It should come as no surprise that phishing scammers have added LinkedIn bait to their buckets in the hopes of catching your password and maybe your entire online identity.
In the wake of LinkedIn's massive password problem, the site's users are now being hit with hordes of spam emails and phony invitations to "link in" with new connections, The Register reported. Some of these emails ask users to click on a link to reset their passwords or to confirm their email address. Many of them are flagged by the recipients' email provider as potentially harmful.
The phony emails come just two days after a hacker posted the LinkedIn passwords of more than 6.4 million users, the result of a breach that also leaked approximately 1.5 million passwords from members of the dating site eHarmony.
[LinkedIn, eHarmony Don't Take Your Security Seriously]
The presence of a link in a password-reset email claiming to be from LinkedIn is a dead giveaway that it's a scam.

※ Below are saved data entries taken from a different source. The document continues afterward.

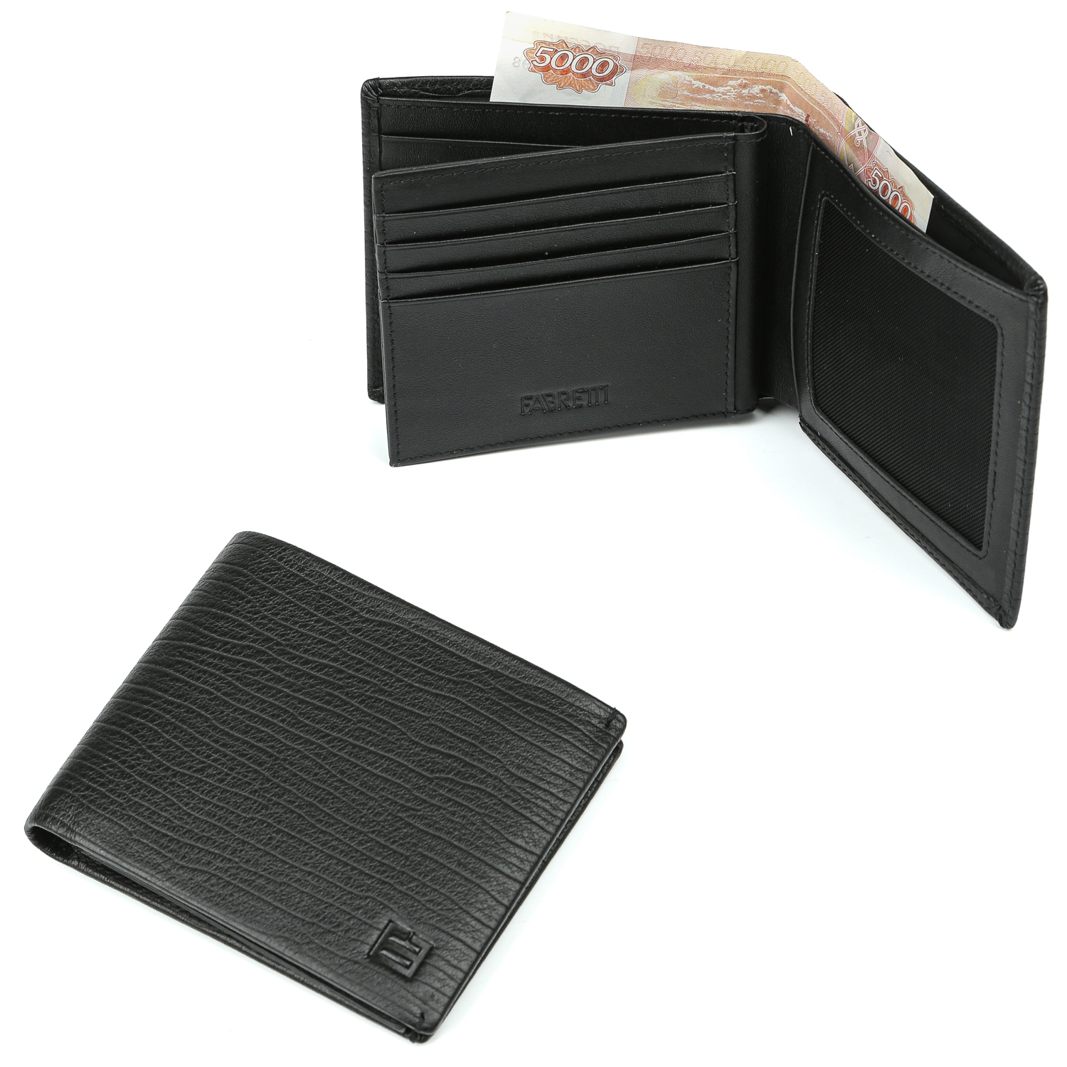 Практичный складной кошелек FABRETTI выполнен из натуральной зернистой кожи в черном цвете и декорирован фактурным тиснением. Внутри 2 отделения для купюр, 11 слотов для пластиковых карт, 5 открытых карманов, один из которых с сетчатой вставкой. Кошелек не имеет застежки.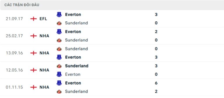 Xét về thành tích đối đầu, Everton hoàn toàn áp đảo Sunderland trong giai đoạn 2010–2017 khi hai đội còn thường xuyên gặp nhau tại Premier League. Trong 10 lần chạm trán gần nhất, Everton thắng tới 7, hòa 2 và chỉ thua 1. Tuy nhiên, bức tranh hiện tại đã khác xa. Sunderland giờ đây là đội bóng trẻ trung, có lối chơi hiện đại và tinh thần chiến đấu cao.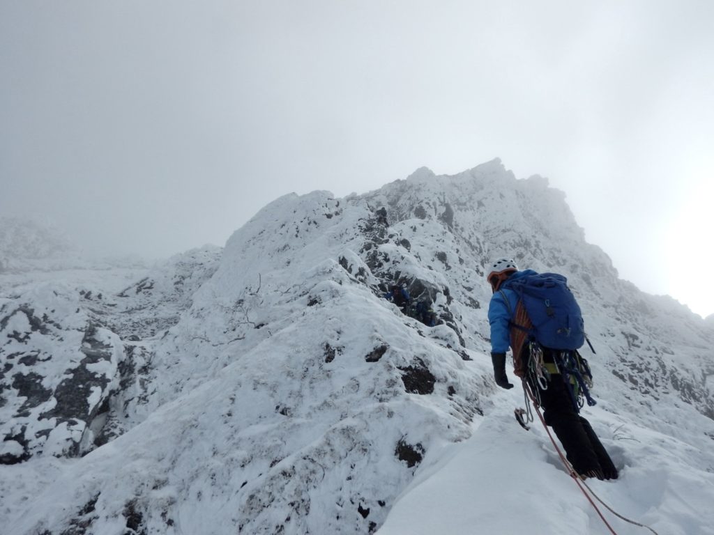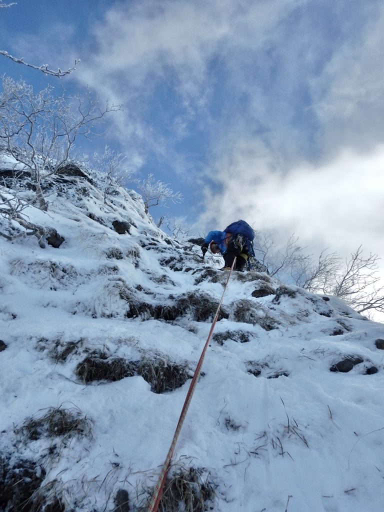 上部岩壁まではサイマル?コンテ?で進むので、ロープを胸部に巻いてコンパクトにまとめる方法を教えてもらう。10〜15回巻き巻きするだけで、腕筋不足をまたもや感じる…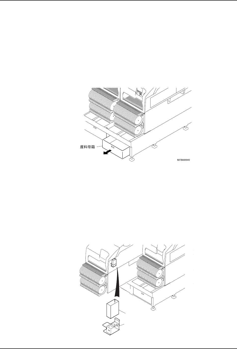 请进行料站托架用或者料盘单元 -LT/LTC 用的废料带箱内的清扫 .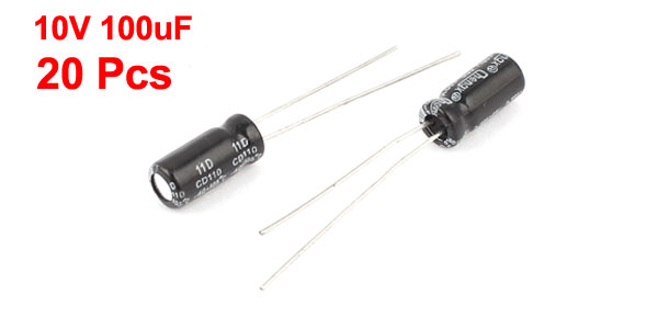 Product Name Electrolytic Capacitor Type Radial Leads Temperature Range -40~+105C Voltage 10V Capacitance 100uF Body Size 5 x 11mm/0.2" x 0.43"(D*H) Lead Space 2mm/0.08" Lead Length 21mm/0.8" , 27mm/1" External Material Aluminum Total Net Weight 9g Main Color Black Package Content 20 x Electrolytic Capacitors - Reviews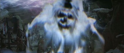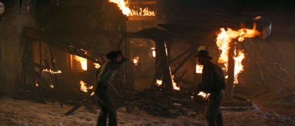 The contradictory character of Fairbourne’s reminiscences extend when the “days of peace” end and Learoyd’s band of warriors venture down through the jungle to do battle: “The death-agony of the Japanese Army in Borneo was as sad as the sinking of a great ship…hunger, men eating weeds, leeches, insects, and each other—despair—madness…for me, for us, the same period was as thrilling as a cavalry charge, may god forgive us.” This cues an ironically high-flown montage of Learoyd, Fairbourne, and the others exalting in triumphant battle against their crumbling foe, cueing even a nod by Milius to Bridge on the River Kwai (1957) as they destroy a bridge modelled on the one in Lean’s classic as Basil Poledouris’ score surges in heroic zest. But boyish triumphalism gives way to fathomless horror as their guerrilla army must contend with Mitamura’s elusive “phantom” column, which, fleeing the Allies on the coast, works its way inland apparently wiping out everyone in its path. Tracking this enemy, Tenga is the first to realise that Mitamura’s column has turned cannibalism into a survival method, and the realisation of the depths to which Mitamura’s men have sunk sparks a race to prevent the column from reaching the Comanche capital. Milius pulls off a bravura sequence with nightmarish overtones as Learoyd and his army try to set an ambush for the column in the moonlight, the eerie sight of the enemy marching silhouetted against the sky, only to vanish when the moon is swallowed by cloud; when Fairbourne fires off a flare, a strobing vision of yowling, demonic enemy soldiers charging their position are glimpsed before a chaotic melee is joined. As dawn comes over the battlefield Learoyd realises that the much of Mitamura’s force slipped through, and nothing now stands between it and the home village.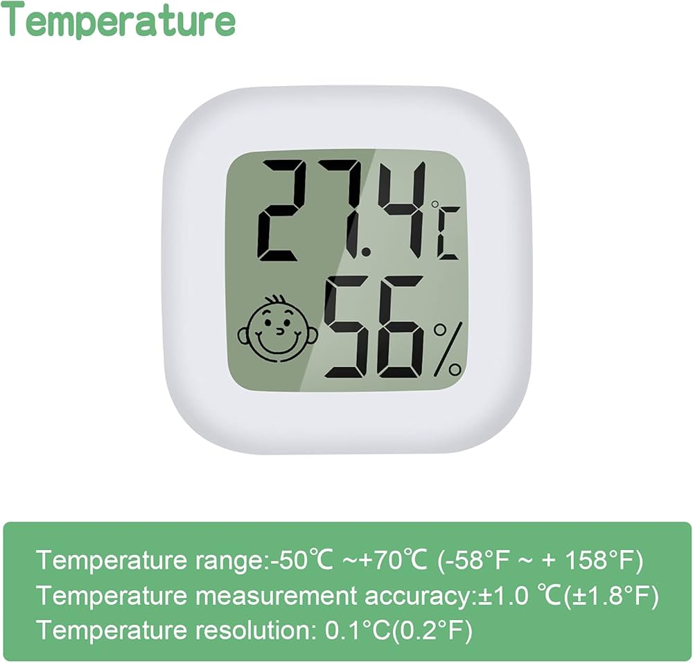 Termometro Cucina Termometro Igrometro Digitale LCD Con L'Icona Di Comfort [2 Pezzi][℃/℉]. Monitor Di Temperatura E Umidità Per Casa, Ufficio, Serra (bianco) : Amazon.it: Giardino E Giardinaggio Termoigrometro Digitale Il pacchetto include: - 4x termoigrometro Questo prodotto è destinato a una vita sana e non può essere utilizzato come strumento di misurazione. Il monitoraggio in tempo reale della temperatura e dell'umidità rende la tua casa più confortevole. È in grado di rilevare piccoli cambiamenti nell'aria 🧭Facile da leggere: lo schermo LCD ha un ampio display digitale di temperatura e umidità in tempo reale, il suo dispositivo portatile è progettato per il trasporto, il termometro mostra la temperatura in Fahrenheit o Celsius, il che è molto conveniente. 🧭Aggiornamento rapido: questo termometro igrometro portatile misura l'umidità e la temperatura interna, si aggiorna ogni 10 secondi, con dati di visualizzazione ad alta sensibilità e reattività e può rilevare rapidamente i cambiamenti della temperatura e dell'umidità interna. È ampiamente utilizzato in soggiorni, serre, sale strumenti, camerette, camerette, magazzini, cantine, cantine, ecc. 🧭Installazione semplice: il mini termometro igrometro per interni può essere utilizzato in molti modi, può essere posizionato su un tavolo o una libreria o fissato al muro con nastro biadesivo o fori per appendere. 🧭Misurazione ad alta precisione: intervallo di temperatura misurabile: -50 °C ~ +70 °C (-58 °F ~ +158 °F), campo di misurazione dell'umidità: 10%UR ~ 99%UR, precisione della misurazione dell'umidità: ±5% RH, precisione di misurazione della temperatura: ±1,0 °C (±1,8 °F), risoluzione della temperatura: 0,1 °C (0,2 °F).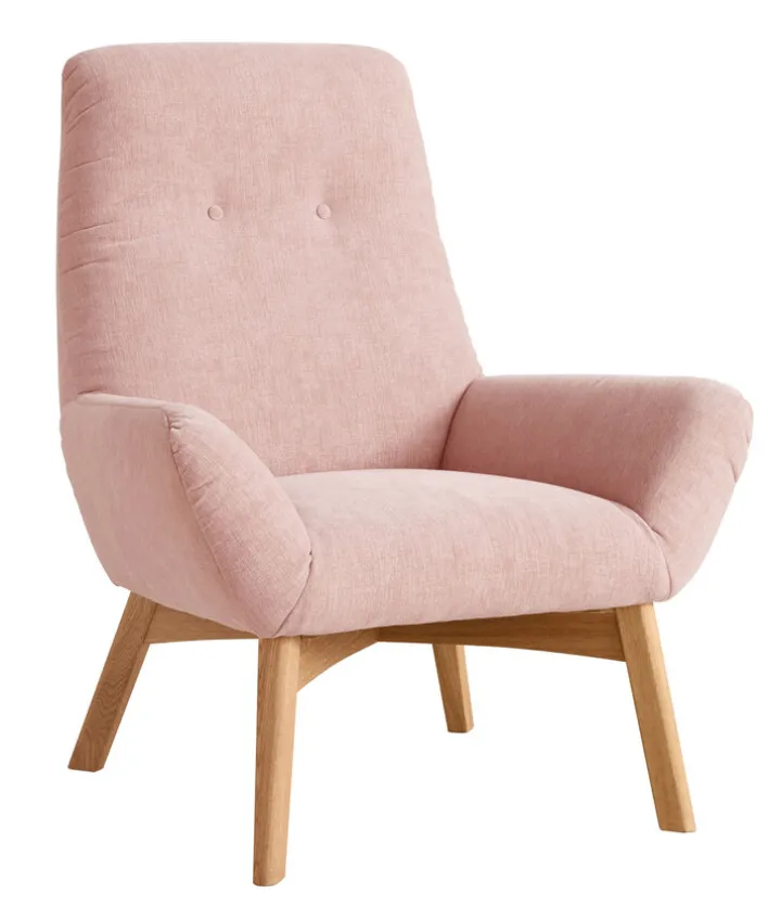 Der Sessel ist mit einem festen Armteil ausgestattet, das zusätzlichen Komfort bietet. Der Bezug aus Textil in einem zarten Rosaton sorgt für eine angenehme Haptik und fügt sich nahtlos in verschiedene Wohnstile ein. Die Kombination aus robustem Holz und weichem Stoff macht den Loungesessel zu einem langlebigen Begleiter in Ihrem Zuhause. Ideal für entspannte Stunden, fügt sich dieses Möbelstück sowohl in moderne als auch in klassische Einrichtungen ein.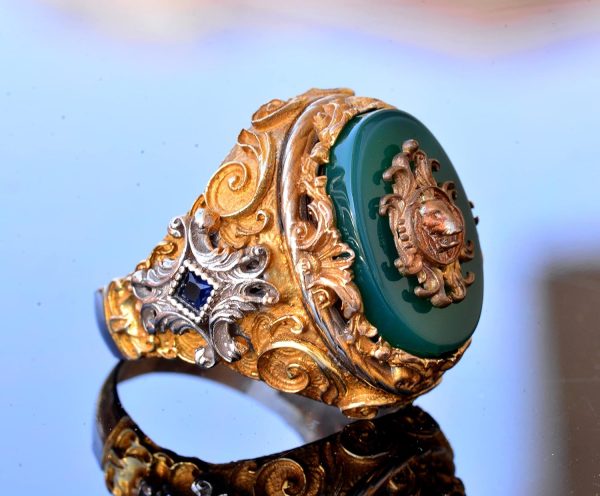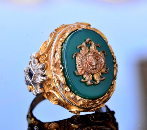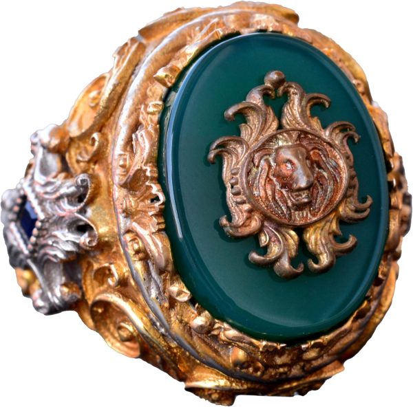 Yüzük, cesaret, güç ve liderliği simgeleyen özenle detaylandırılmış bir aslan tasarımına sahiptir. Bu nitelikler, koruyucu ve iyileştirici özellikleri ile bilinen doğal jade taşının eklenmesiyle daha da güçlenir.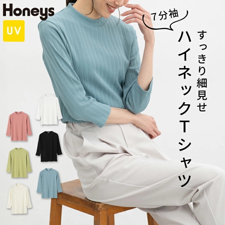 Honeys 7分袖ハイネックTシャツ トップス Tシャツ 7分袖Tシャツ ハイネック カットソーTシャツ Tシャツ カットソー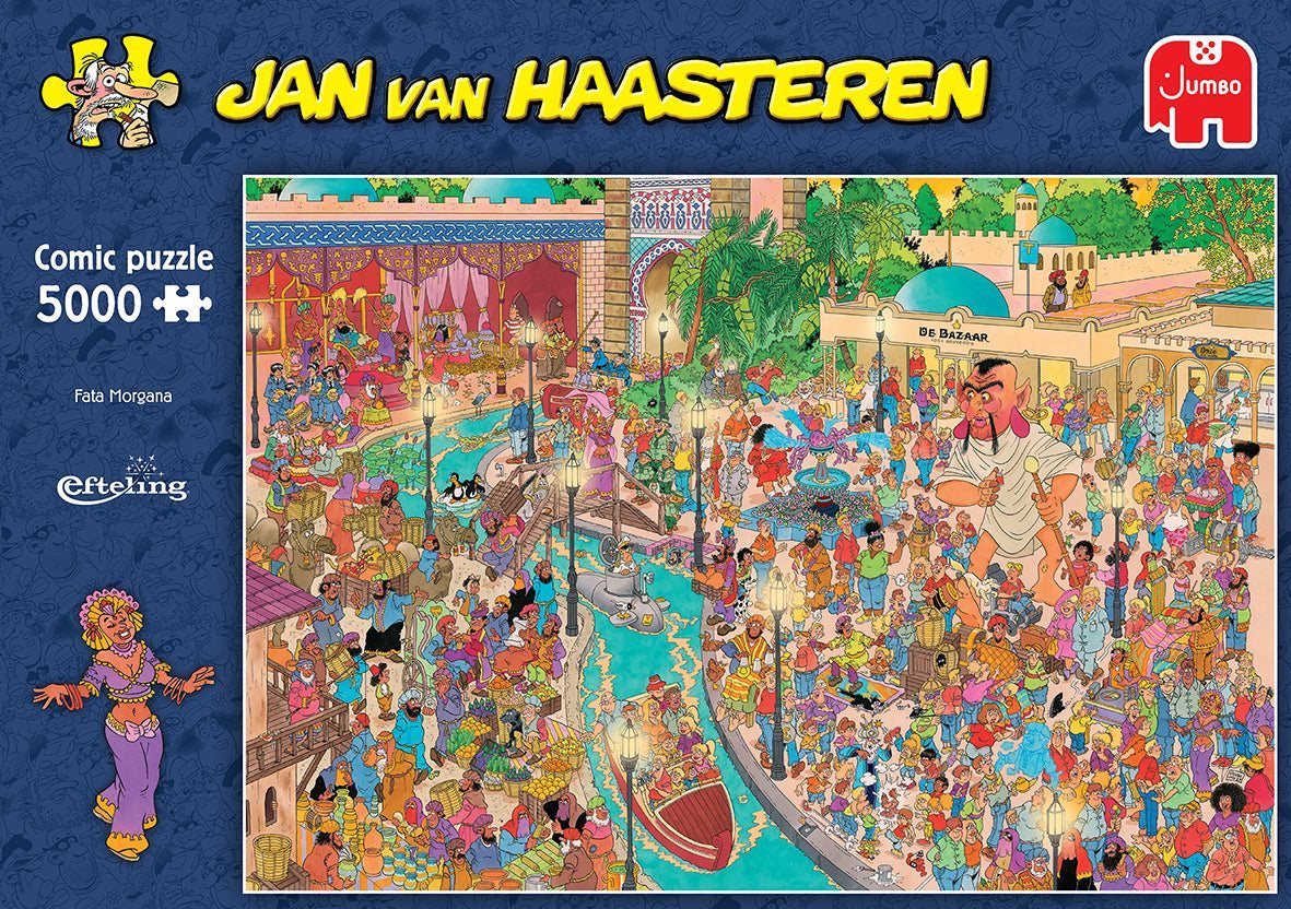 Skládání puzzle od Jana van Haasterena je velmi pestré a zábavné, prozkoumáte tak každý vtipný detail a zabavíte se na dlouhé chvíle. V souladu se svými tradicemi komponuje Jan van Haasteren do svých předloh svoji známou značku, kterou jako první jeho fanoušci hledají - žraločí ploutev a ruce, které vypadají, jako by nikomu nepatřily! A také mnoho dalších detailů, které naleznete na téměř všech jeho ilustracích - zubní protézu, Mikuláše a Haasterenův vlastní portrét. Velmi detailní, barevné a především vtipné ilustrace od autora jménem Jan Van Haasteren výhradně pro JUMBO. Jeho kresby mají výrazně rozeznatelný styl - vtipné obrázky, veselé situace a daleko více lidí, než byste očekávali! Puzzle z produkce Jan van Haasteren jsou po celém světě populární a doposud jich vytvořil více než 80.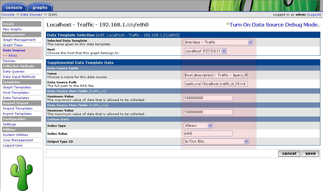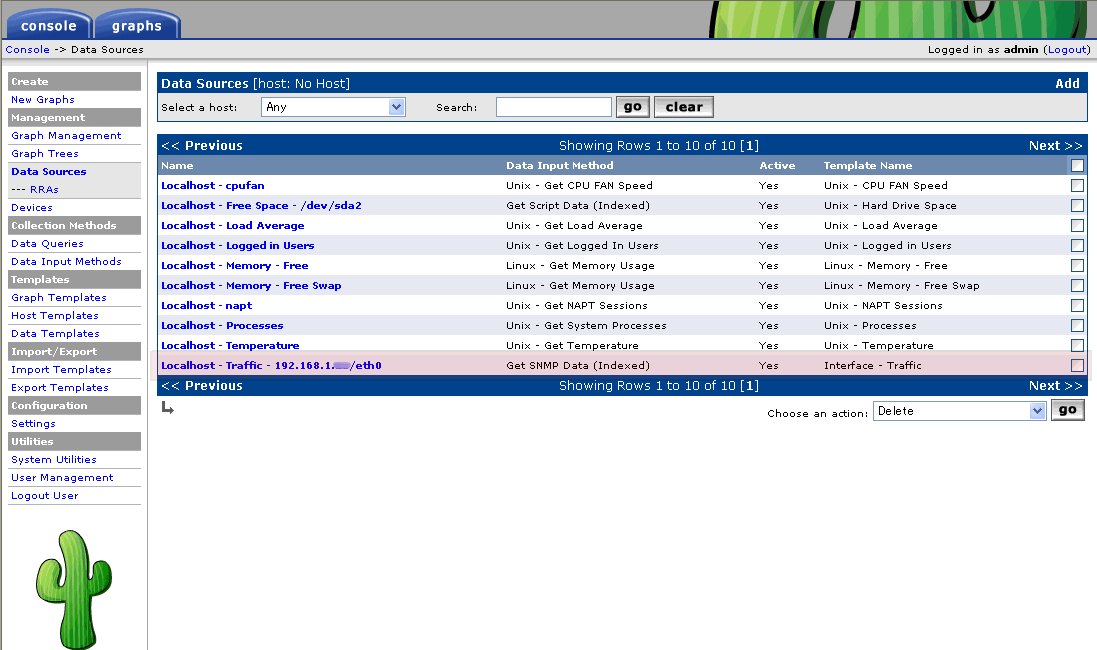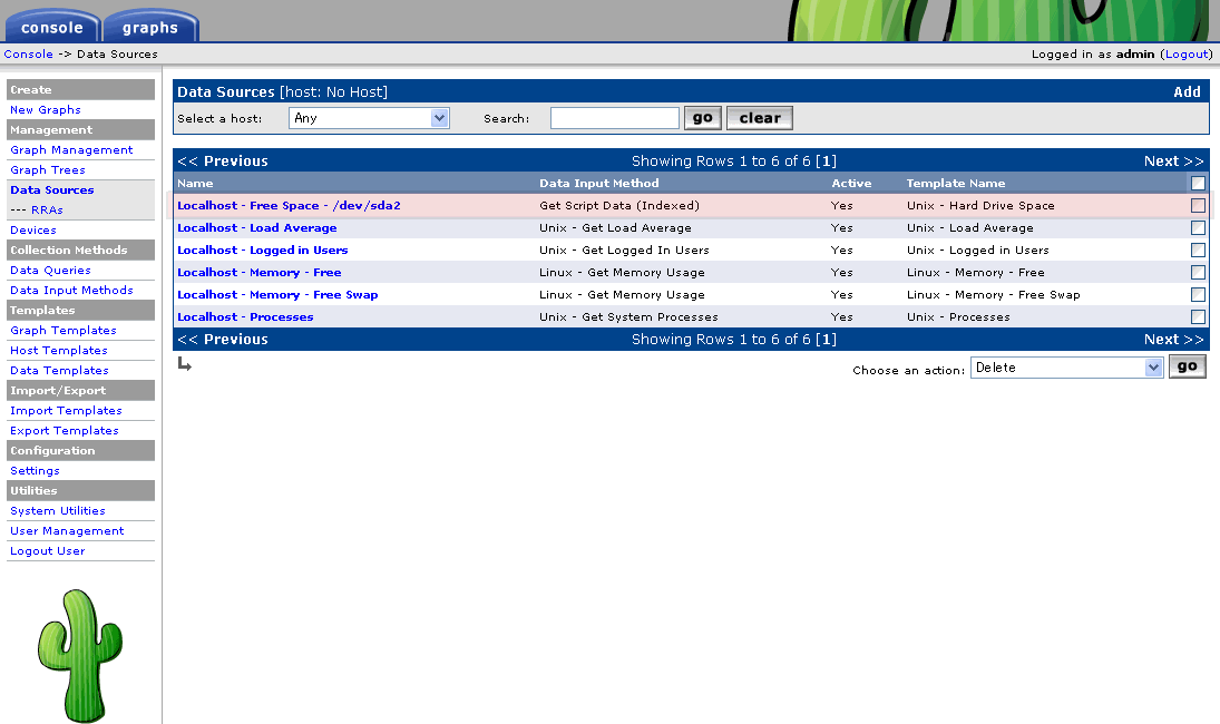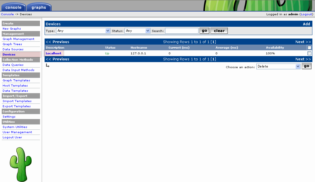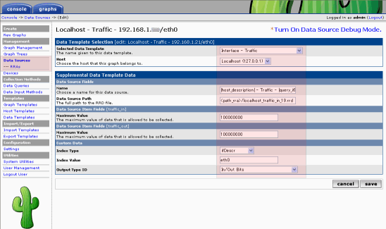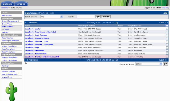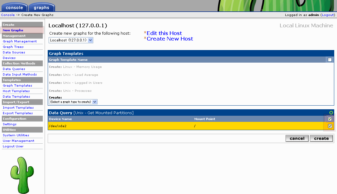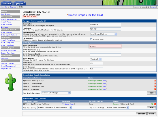 続けて監視対象の設定を行っていきますが、Cactiにはデフォルトで典型的なテンプレートが用意されているので、まずはこれを利用した簡易監視を行うことにします。後半では、自作スクリプトを利用した監視についても触れることにします。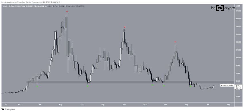 Pergerakan harga RUNE terus mengalami penurunan sejak mencapai harga tertingginya sepanjang masa, tepatnya di level US$21,30 pada bulan Mei 2021 lalu. Sejak capaian itu juga, RUNE telah mencetak tiga level harga tertinggi yang lebih rendah (ikon merah).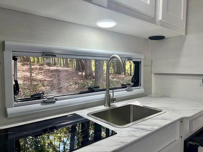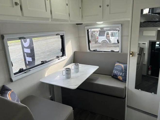 厨房区台面非常宽裕,内部配备洗手池、电磁炉、冰箱、微波炉等。电路方面,400Ah锂电+2000W逆变器+400W太阳能板将为生活区提供电能。如有需要,用户还可以额外加装一块400Ah锂电、200W太阳能板以及功率更大的逆变器组合。现目前新车起售价为17.9万美元,约合人民币129.54万元。

According to Help Net Security, LinkedIn has issued a list of steps the company is taking to try to prevent the hijacking of accounts from the password leak. The instructions warn users that their password, if it was compromised, will no longer be valid, and that they will receive an email from LinkedIn on how to reset it.
"There will not be any links in this email," the warning says. Affected LinkedIn members will then receive a second email, from the company's customer-support team.
So if you receive an unsolicited email with any links in it from LinkedIn — or even from eHarmony or Last.fm, which yesterday (June 7) warned its members of a password breach — know that it's an attempt to steal your password, and ignore it. To keep yourself safe, it's important to choose a complex, strong password for each online account you access.